> **Prompt**
Could you output exactly the lines running from the one containing "El bus del centro" to the final line of the listing below, leaving out pictures?

> **Given information**

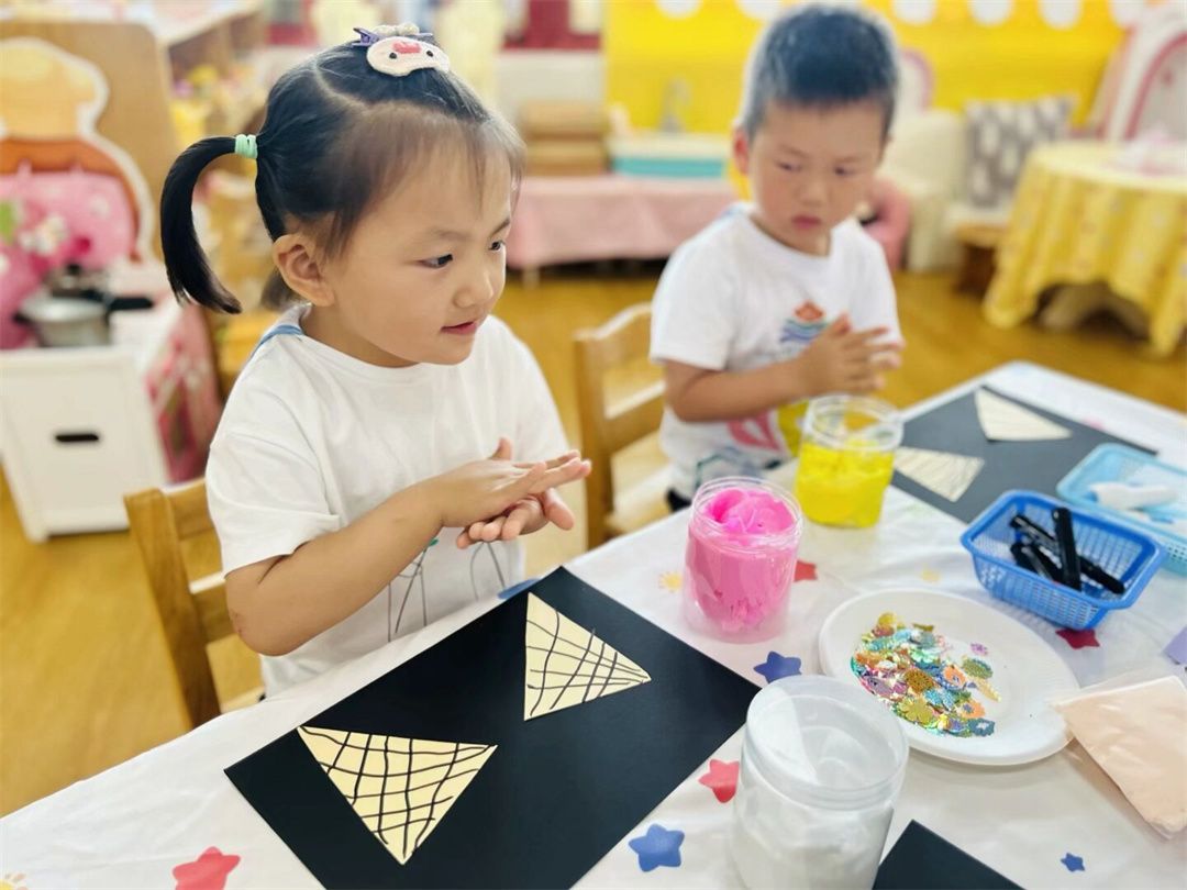 炎热的夏天,当然少不了美味的冰淇淋!宝贝们在之前的区域活动中就表现出了对冰淇淋的慢慢喜爱,在娃娃家“品尝”,在美工区绘画……
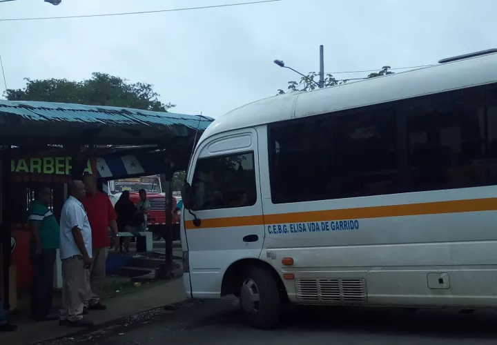 El bus del centro educativo Elisa Viuda de Garrido, ubicado en el corregimiento de Buena Vista, por poco se lleva la parada de la comunidad esta mañana en la carretera Transístmica.
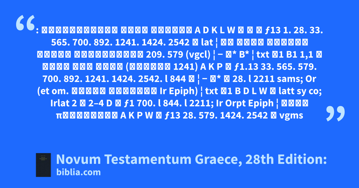 : ⸂ευαγγελιον κατα Μαρκον A D K L W Γ Δ Θ ƒ13 1. 28. 33. 565. 700. 892. 1241. 1424. 2542 𝔪 lat ¦ το κατα Μαρκον αγιον ευαγγελιον 209. 579 (vgcl) ¦ − א* B* ¦ txt א1 B1 1,1 ⸂ υιου του θεου (κυριου 1241) A K P Δ ƒ1.13 33. 565. 579. 700. 892. 1241. 1424. 2542. l 844 𝔪 ¦ − א* Θ 28. l 2211 sams; Or (et om. Ιησου Χριστου Ir Epiph) ¦ txt א1 B D L W Γ latt sy co; Irlat 2 ⸂ 2–4 D Θ ƒ1 700. l 844. l 2211; Ir Orpt Epiph ¦ τοις προφηταις A K P W Γ ƒ13 28. 579. 1424. 2542 𝔪 vgms

> **Solution**
 El bus del centro educativo Elisa Viuda de Garrido, ubicado en el corregimiento de Buena Vista, por poco se lleva la parada de la comunidad esta mañana en la carretera Transístmica.
 : ⸂ευαγγελιον κατα Μαρκον A D K L W Γ Δ Θ ƒ13 1. 28. 33. 565. 700. 892. 1241. 1424. 2542 𝔪 lat ¦ το κατα Μαρκον αγιον ευαγγελιον 209. 579 (vgcl) ¦ − א* B* ¦ txt א1 B1 1,1 ⸂ υιου του θεου (κυριου 1241) A K P Δ ƒ1.13 33. 565. 579. 700. 892. 1241. 1424. 2542. l 844 𝔪 ¦ − א* Θ 28. l 2211 sams; Or (et om. Ιησου Χριστου Ir Epiph) ¦ txt א1 B D L W Γ latt sy co; Irlat 2 ⸂ 2–4 D Θ ƒ1 700. l 844. l 2211; Ir Orpt Epiph ¦ τοις προφηταις A K P W Γ ƒ13 28. 579. 1424. 2542 𝔪 vgms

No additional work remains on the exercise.